En effet, je crois que se régaler ensemble des plats traditionnels du Tết est à la fois un rite et un plaisir de tout le monde. Le matin du 29 décembre lunaire, de bonne heure, ma grand-mère commençait à faire du “bánh chưng” (du gâteau de riz gluant traditionnel). Ma mission était d’enrouler un fil de bambou autour du gâteau en forme cylindrique de manière si ingénieuse que ce dernier n’était pas déformé et que le fil ne lâchait pas, même après avoir bouilli 8 heures dans une énorme marmite en fonte. Et autour de cette marmite, dans la cuisine ancienne dont les murs se couvrent de suie, nous jouions aux cartes sur une natte et bavardions toute la soirée, somnolant parfois dans le crépitement jovial du bois brûlé.
Mais Tết n’a pas que du “bánh chưng”. Il y a encore du pâté de viande pilée, du jambonneau de porc, du poulet bouilli, du porc grillé, des rouleaux de printemps, de la viande en gelée, des oignons marinés et beaucoup de sortes de confiture.
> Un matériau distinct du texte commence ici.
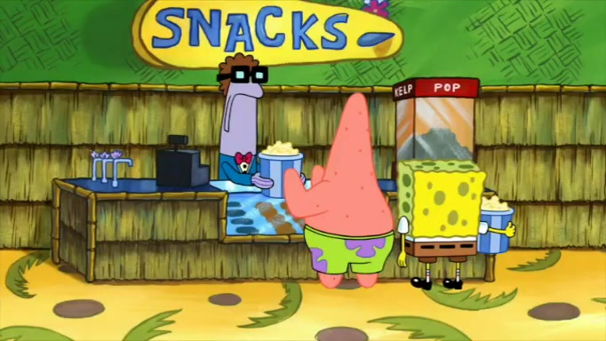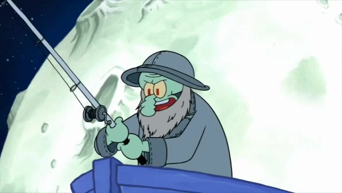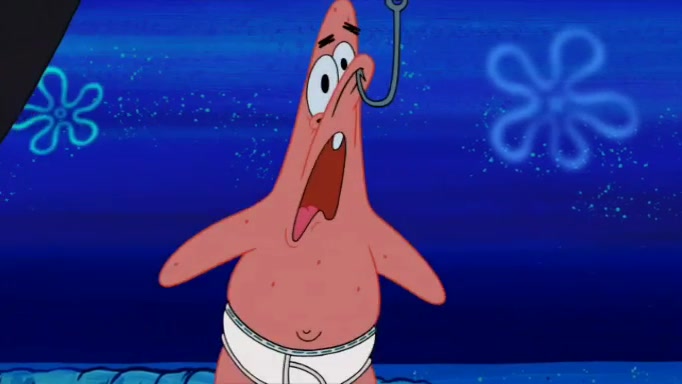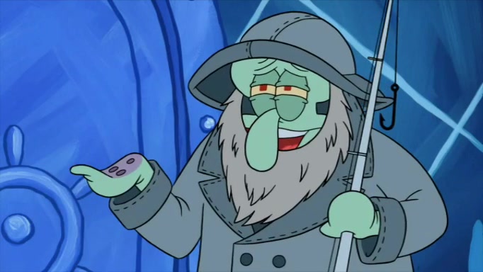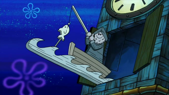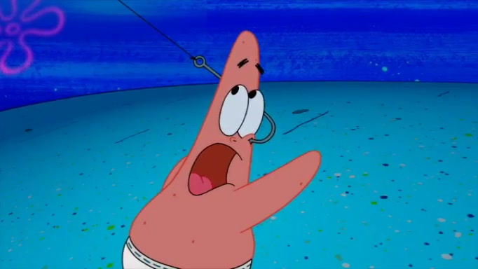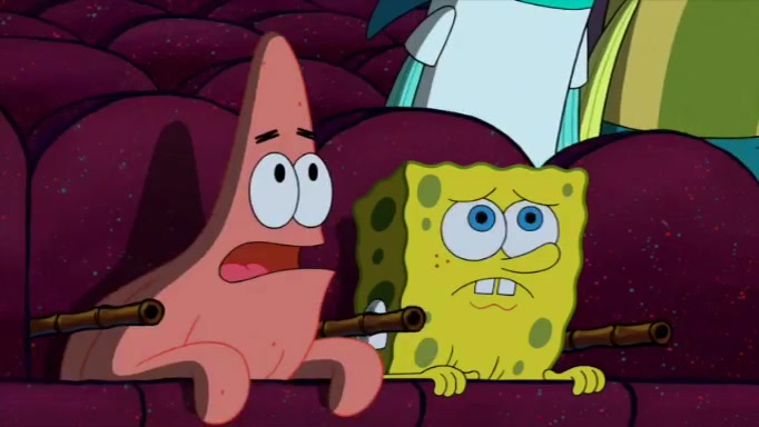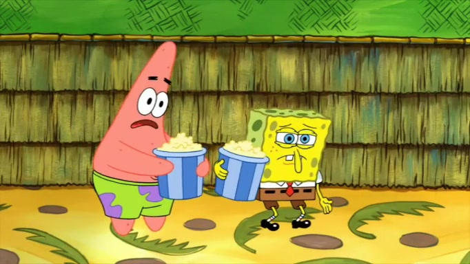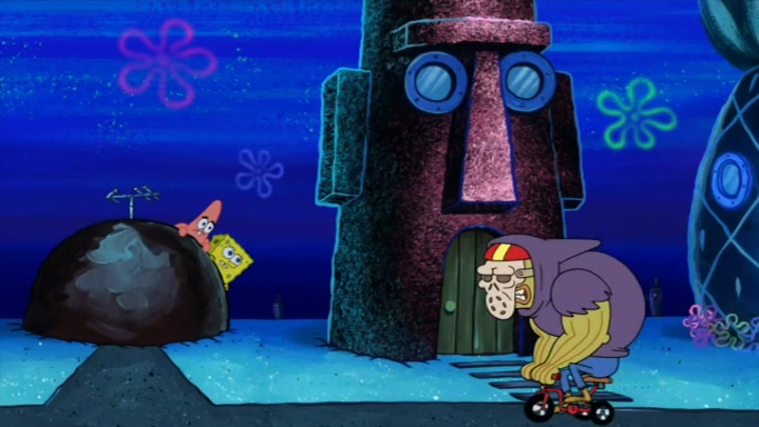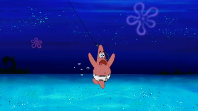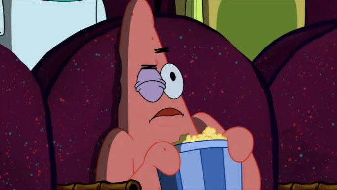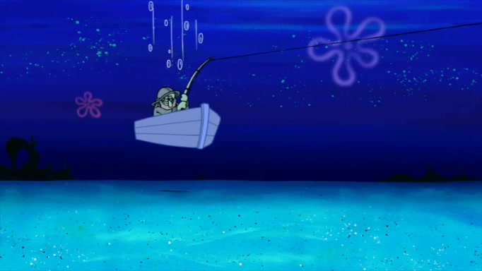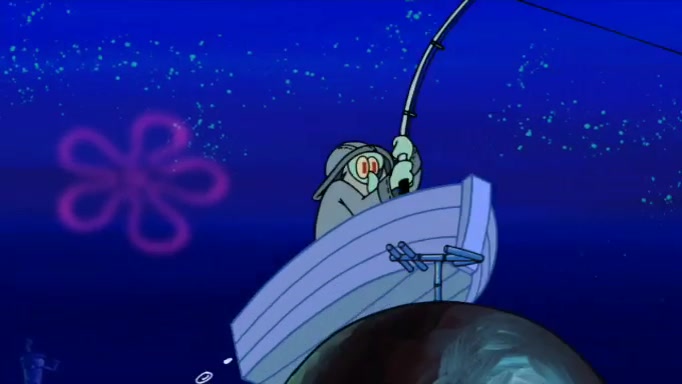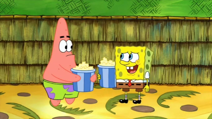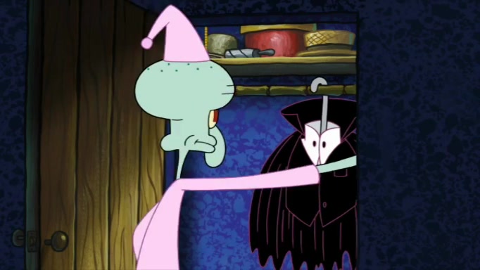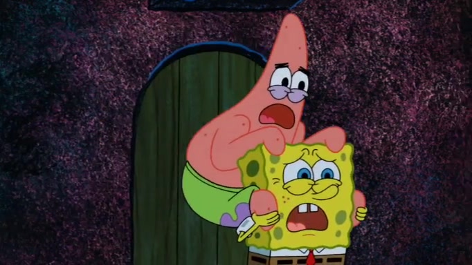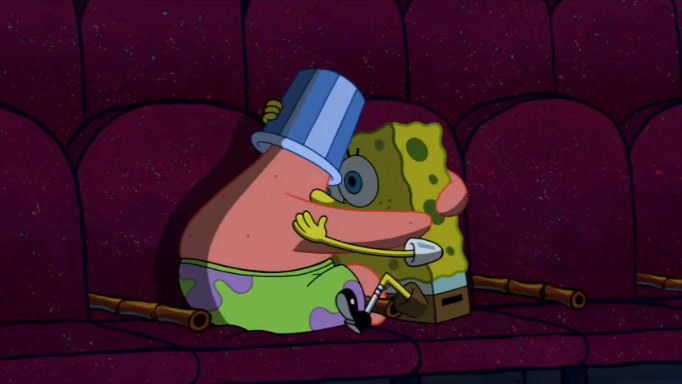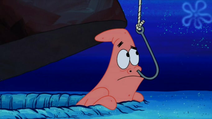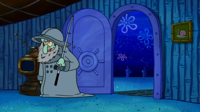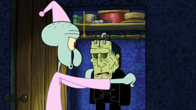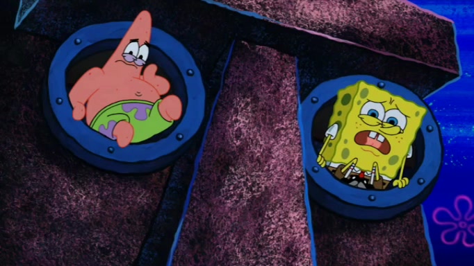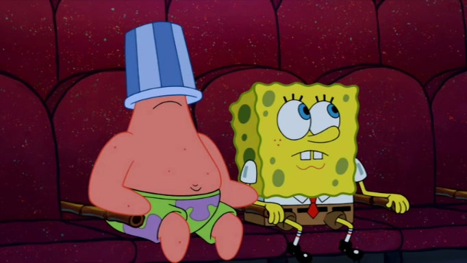 SpongeBob and Patrick are at the movie theater going to see Fisherman 4: Attack of the Hook. They meet Squidward who laughs saying they won't have any sleep after seeing the movie. They both claim they're grown-up men, but Squidward says "Boo" in monotone and scares them effortlessly.

Des plateaux de nourriture copieux représentent l’affluence et la richesse des propriétaires, d’où la quantité abondante et l’extraordinaire variété des mets. Pendant les 3 jours festifs, nous avons ainsi tous un ventre bien rond.
Les Vietnamiens disent non seulement “ăn Tết” mais encore “chơi Tết” (littéralement « jouer du Tết »). Effectivement, j’adore mon Tết non seulement pour la nourriture, mais encore pour les activités spéciales que nous faisons ensemble. Le 30 décembre, comme le veut la tradition, je vais faire bouillir de l’eau de bain avec un bouquet de vieille coriandre dans une énorme marmite. Je vous rassure que l’odeur d’eau de coriandre est parmi les plus apaisantes du monde. C’est l’odeur du Tết. L’odeur de la réunion. L’odeur de la tradition. Ayant fini le lavage, s'étant réjoui du repas plantureux de fin d’année, en attendant le moment de transit, on regarde ensemble une émission classique à la télévision : La réunion de fin d’année.
Pendant les jours de la fête, nous rendons visite à des proches en leur offrant de petits cadeaux, parfois juste quelques fruits d’arec et feuilles de bétel qui seront placés sur l’autel des ancêtres des propriétaires. J’accompagne ma grand-mère et ma mère à des pagodes où elles font avec sincérité des prières de santé et de bonheur pour notre famille. Une douce odeur émane des brûle-encens. Les vieux gardiens de la pagode prennent du thé vert autour d’une vieille table, et discutent du concours de lutte du village qui se tiendra dans quelques jours.
Maintenant que nous avons grandi, mon père ayant fait construire une nouvelle maison et mes grands-parents ayant paru devant Dieu, mon Tết traditionnel ne reste plus le même. Pourtant, chaque fois que les premières brises de vent atterrissent sur Hanoï et que les gens commencent à parler de la fin d’année, mon coeur commence à palpiter légèrement comme si un moment important de ma vie s’approchait.